▶

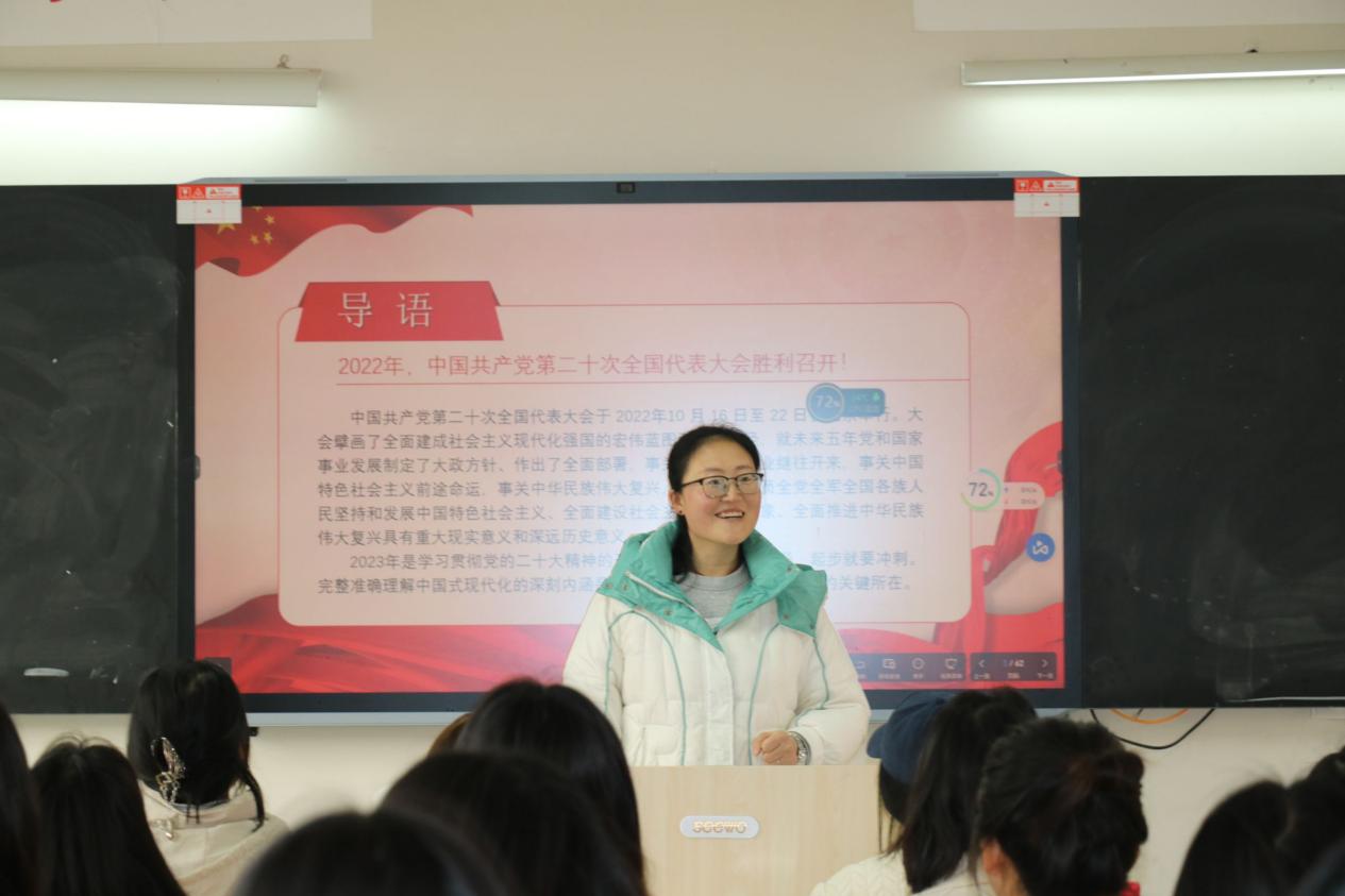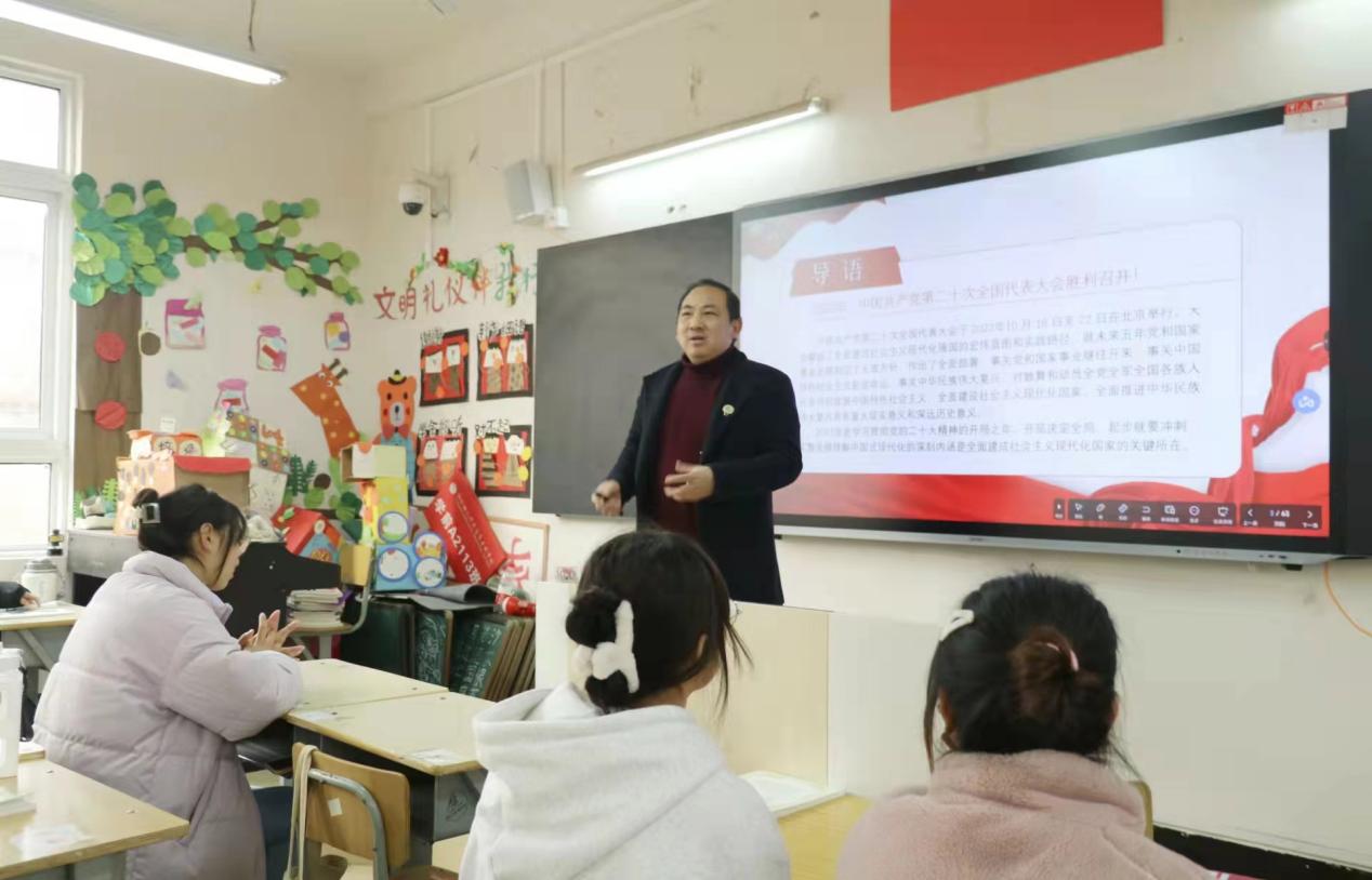 学前教育学院党总支书记卢道静、副院长代晓明分别在3401、3403教室授课。党总支书记卢道静以雷锋精神为例,引导学生带头弘扬社会主义核心价值观,做有道德原则、道德品质的人,对学生提出殷切希望,要牢记使命,不忘初心,做有理想、敢担当、能吃苦、肯奋斗的新时代好青年,努力成长为堪当民族复兴重任的时代新人。代晓明以中国共产党第二十次全国代表大会胜利召开为导入,从“新时代新征程中国共产党的中心任务”“正确理解和大力推进中国式现代化”“两个100年奋斗目标”三方面,鼓励学生将自己的青春梦融入中国梦,让青春在推进中国式现代化中绽放绚丽之花。
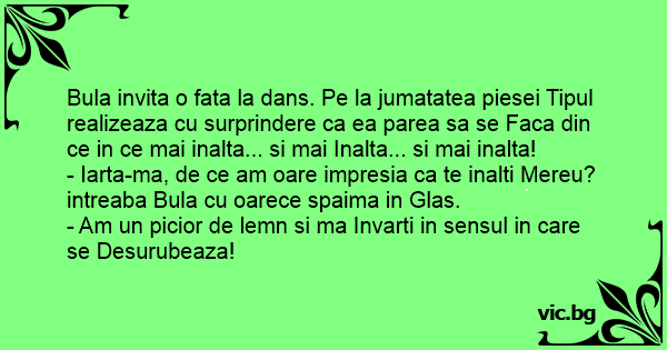 Bula invita o fata la dans. Pe la jumatatea piesei Tipul realizeaza cu surprindere ca ea parea sa se Faca din ce in ce mai inalta... si mai Inalta... si mai inalta!
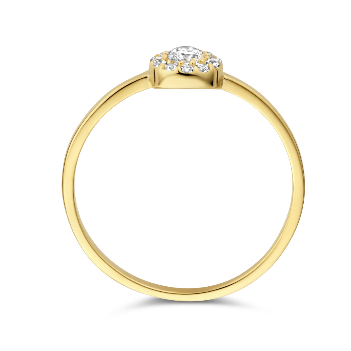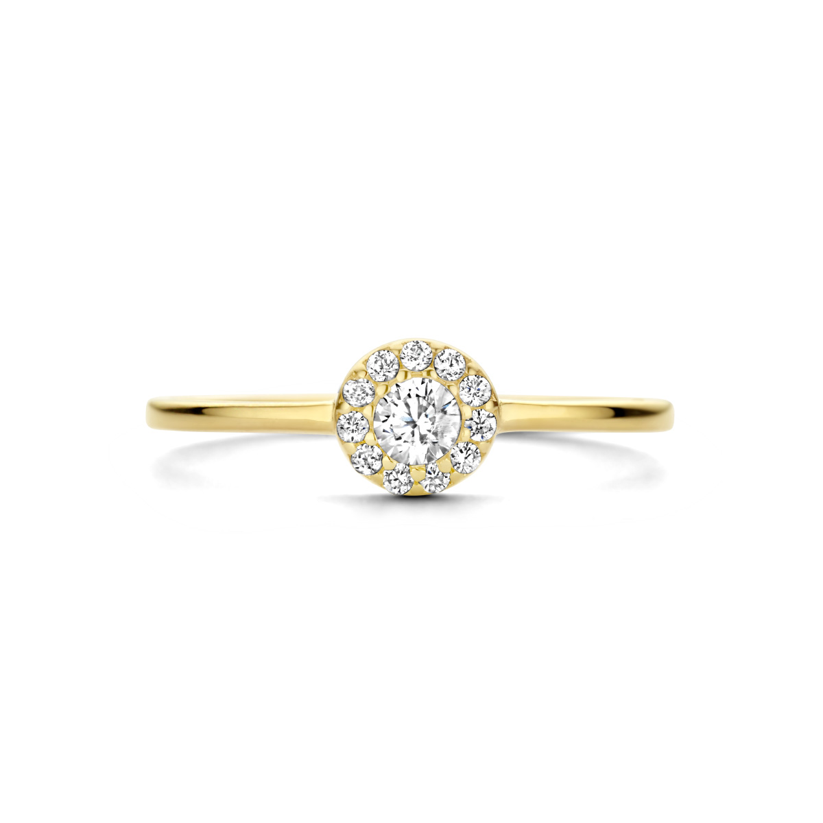 14k Geelgouden ring uitgevoerd met schitterende zirkonia. De ring heeft een breedte van 5.5mm.

◀

**What the task requires**:
All of the data, minus its pictures, should be repeated exactly.

**Task solution**:
 学前教育学院党总支书记卢道静、副院长代晓明分别在3401、3403教室授课。党总支书记卢道静以雷锋精神为例,引导学生带头弘扬社会主义核心价值观,做有道德原则、道德品质的人,对学生提出殷切希望,要牢记使命,不忘初心,做有理想、敢担当、能吃苦、肯奋斗的新时代好青年,努力成长为堪当民族复兴重任的时代新人。代晓明以中国共产党第二十次全国代表大会胜利召开为导入,从“新时代新征程中国共产党的中心任务”“正确理解和大力推进中国式现代化”“两个100年奋斗目标”三方面,鼓励学生将自己的青春梦融入中国梦,让青春在推进中国式现代化中绽放绚丽之花。
 Bula invita o fata la dans. Pe la jumatatea piesei Tipul realizeaza cu surprindere ca ea parea sa se Faca din ce in ce mai inalta... si mai Inalta... si mai inalta!
 14k Geelgouden ring uitgevoerd met schitterende zirkonia. De ring heeft een breedte van 5.5mm.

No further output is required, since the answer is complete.